Monday, November 01, 2004

Lies, Lies, and More Lies


Today, Robert Samuelson touches on something that bothers me a lot about politics in this country. At least in a typical Western parliamentary system, between heckling on the floor of parliament and a weekly question period, there are frequent opportunities for bovine excrement to be called by name. Here? The media doesn't seem to do its job - or want to do its job - preferring to treat any allegation as a "he said, she said" to be resolved by two talking heads (representing the "pro" and "con") and a jabbering news anchor, or to run a sensational rumor apparently to sell additional papers or draw viewers for a later program, rather than spending the five or ten seconds it would take in many of these cases to find and report the truth.

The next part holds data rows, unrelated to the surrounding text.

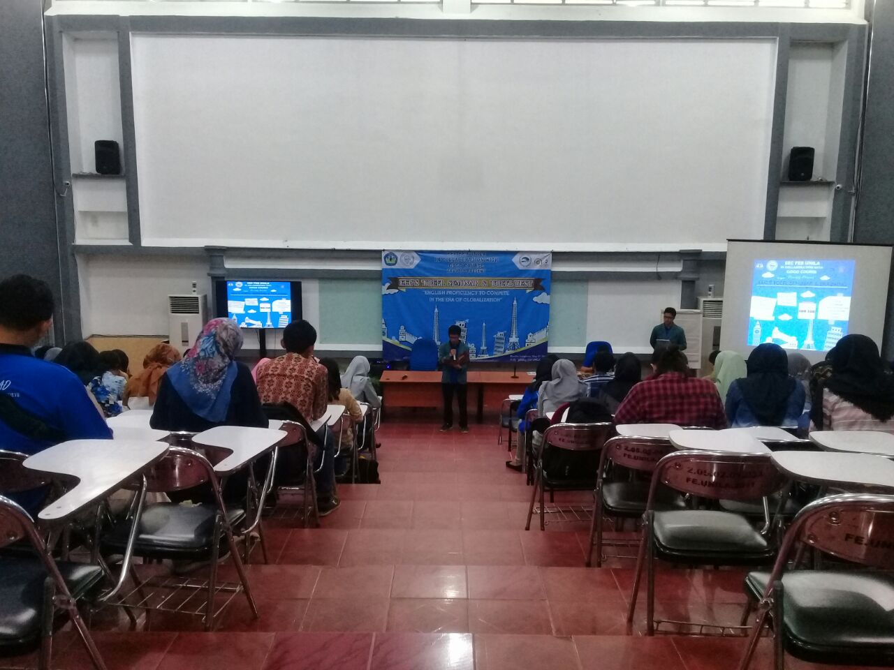 teknokra.co: Economic’s English Club (EEC) Fakultas Ekonomi dan Bisnis (FEB) kerja sama dengan Gogo Course menggelar seminar bertema “English Profeciency to Compete in The Era of Globalization” dan Tes TOEFL di Gd. A101 FEB, Sabtu (5/5). Kegiatan ini guna mengukur kualitas kemampuan berbahasa Inggris para peserta yang dibutuhkan di era globalisasi.
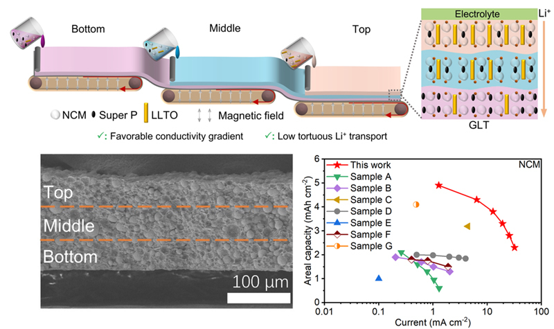 图2.低迂曲度梯度电极制备示意图和电化学性能比较图
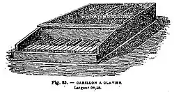 Das Klaviaturglockenspiel, Glockenklavier, in der weiteren Entwicklung Tastenglockenspiel genannt, ist ein Glockenspiel, das im Gegensatz zu anderen Metallophonen nicht direkt mit Schlägeln, sondern mit Tasten gespielt wird.[1] Das zu Beginn des 17. Jahrhunderts als Nebenform des Carillons entstandene Instrument verfügt über eine klavierähnliche Mechanik, sowie über ein bis zwei Reihen freiliegende, chromatisch gestimmte Metallstäbe oder Metallplatten, die durch hammer- oder kugelförmige Klöppel mit Köpfen aus Metall oder Kunststoff angeschlagen werden.[2][3][4][5] In der Variante mit Metallplatten wird es auch als Schlagplattenspiel oder Stahlplattenklavier kategorisiert.[6] Das Klaviaturglockenspiel / Tastenglockenspiel ist ein Idiophon und gehört, da es vom Spieler über Tasten bedient wird, zu den Tasteninstrumenten. Im Gegensatz dazu gehört das mit Schlägeln handgeschlagene Glockenspiel zu den Stabspielen.
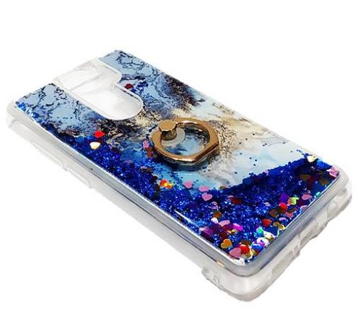 Луксозен силиконов калъф / гръб / tpu 3D Water Case със стойка за Xiaomi Redmi Note 8 Pro - мрамор / син брокат и сърца
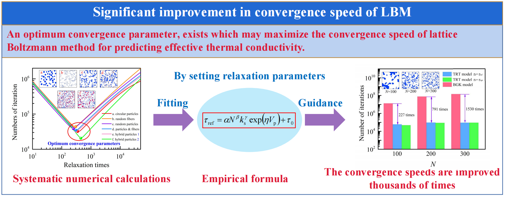 格子Boltzmann方法(LBM)在预测复合材料的等效热导率方面有着天然的优势,因而得到了学者们的广泛使用。然而对于目前工业中涌现的碳纳米管、石墨烯等高导热填料填充的聚合物复合材料,由于填料与基体间的热导率比值通常在数千倍以上,传统的热LBM算法在预测其等效热导率时会存在计算精度低和收敛速度慢的问题。仅对于单个复杂的模型,通常都需要数个乃至数十个小时的计算时间才能完成。这一问题使得系统性和大规模性的数值计算任务往往难以实施,严重制约了复合材料等效热导率数值研究的开展。
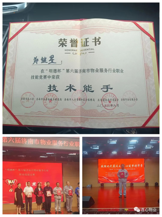 為弘揚(yáng)工匠精神,進(jìn)一步提升物業(yè)服務(wù)從業(yè)人員的業(yè)務(wù)技能,展示物業(yè)服務(wù)行業(yè)的專(zhuān)業(yè)形象和精神風(fēng)貌,8月26-27日,“明德杯”第六屆濟(jì)南市物業(yè)服務(wù)行業(yè)職業(yè)技能競(jìng)賽在山東現(xiàn)代物業(yè)管理專(zhuān)修學(xué)院隆重召開(kāi)。濟(jì)南連心物業(yè)有限公司、濟(jì)南產(chǎn)發(fā)物業(yè)有限公司參加此次競(jìng)賽。濟(jì)南產(chǎn)發(fā)連心物業(yè)管理有限公司電工鄭繼星獲得電工賽項(xiàng)第3名的好成績(jī)并榮獲“技術(shù)能手”榮譽(yù)稱(chēng)號(hào)。

The other day, Larry King was truly scraping bottom with Ann Richards, Al Sharpton, Dennis Prager, and Marc Racicot trading official "talking points" and absurd prevarications, along with pathetic answers to any direct question posed, while Larry played the part of, as Jon Stewart might say, the happy monkey. I just don't know how anybody who is even slightly informed on the issues, given that group of people and that opportunity, would be so seemingly taken in by each side's nonsense, and so unwilling to cry foul when the more absurd falsehoods are presented. And this is now the norm.

Samuelson notes,
While everyone has emphasized the differences between George Bush and John Kerry, what's more revealing are the similarities. Both have avoided some of the nation's most obvious problems: the coming spending explosion to pay baby boomers' retirement benefits (mainly Social Security and Medicare); the relentless advance in health costs that's squeezing wages and other government spending; the rising tide of immigration and the associated social problems; Americans' uncontrolled thirst for insecure foreign oil; and the perils of letting Iran and North Korea go nuclear.

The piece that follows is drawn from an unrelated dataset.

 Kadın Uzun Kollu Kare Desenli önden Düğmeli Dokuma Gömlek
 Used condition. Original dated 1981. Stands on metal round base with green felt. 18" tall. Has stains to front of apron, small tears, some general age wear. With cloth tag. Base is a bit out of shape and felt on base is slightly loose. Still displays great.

To be sure, the candidates had positions. But these consisted mostly of appealing platitudes that said what people wanted to hear.
Well... yes. And let's not forget George "I cut your taxes" Bush, who refuses to address the Alternative Minimum Tax (AMT) which will soon claw back most or all of the "middle class tax cut" from about 90% of its beneficiaries, or Kerry who is very much aware of that issue but apparently afraid to make it a campaign issue - after all, current budget and deficit projections anticipate the continued expansion of AMT revenues.

Samuelson opines,
At the root of all these glaring omissions is public opinion. On these issues, pleasant solutions don't exist. ... If the public won't abide honest discussion of clear problems -- and our leaders can't lead opinion -- then the problems simply fester. In this campaign, neither Bush nor Kerry has risen above that dilemma.

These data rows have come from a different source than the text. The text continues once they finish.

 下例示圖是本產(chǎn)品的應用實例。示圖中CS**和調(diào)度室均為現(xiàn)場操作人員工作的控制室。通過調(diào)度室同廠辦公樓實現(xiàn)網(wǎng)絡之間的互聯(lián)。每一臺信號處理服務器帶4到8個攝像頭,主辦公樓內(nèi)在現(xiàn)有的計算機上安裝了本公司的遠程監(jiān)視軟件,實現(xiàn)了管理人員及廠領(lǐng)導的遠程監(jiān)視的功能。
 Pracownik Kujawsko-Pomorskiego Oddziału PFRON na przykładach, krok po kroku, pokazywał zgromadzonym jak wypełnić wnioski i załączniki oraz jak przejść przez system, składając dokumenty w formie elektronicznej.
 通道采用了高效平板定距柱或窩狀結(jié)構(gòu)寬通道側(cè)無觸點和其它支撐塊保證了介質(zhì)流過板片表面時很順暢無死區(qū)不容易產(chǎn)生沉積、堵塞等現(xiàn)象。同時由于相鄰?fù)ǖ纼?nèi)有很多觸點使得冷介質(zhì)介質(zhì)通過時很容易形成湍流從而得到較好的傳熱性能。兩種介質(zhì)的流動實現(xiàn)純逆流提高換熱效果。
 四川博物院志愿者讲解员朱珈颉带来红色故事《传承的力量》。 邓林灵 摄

That suggests that many of our largest social problems will progressively worsen until they get so bad that we're forced to deal with them. Or they deal harshly with us. This is the true deadlock, and it may be incurable.
Still, I wonder what would happen if an incumbent President, particularly one with a majority in both houses, truly took on the hard issues, rather than making every significant initiative take effect in his second term. What if a President dared to tell the truth and to lead during his first term, rather than treating it as an audition. After all, are we so stupid to think that Bush truly thought that the Israel-Palestine "road map" would be more or less complete in 2005? That the Medicare prescription benefit wasn't put off until 2006 because it is anticipated that many (or most) seniors will find it horribly lacking? That Afghanistan's Parliamentary elections won't take place until 2005 (even as its first Presidential election was moved up to make Bush-friendly headlines)? That although nominal sovereignty was handed over to a new, appointed council of Iraqi's, no election will occur until 2005? Everything difficult goes into the second term.

Well, yes... maybe we are that stupid.

(I single out Bush not because this is unique, but because he is the incumbent, and likes to pretend that he is a leader. By way of Democratic example, the roots of Clinton's failure in his Israel-Palestine peace efforts lie largely in his failure to address the hard issues, such as borders, settlements, and refugees, until his last six months in office.)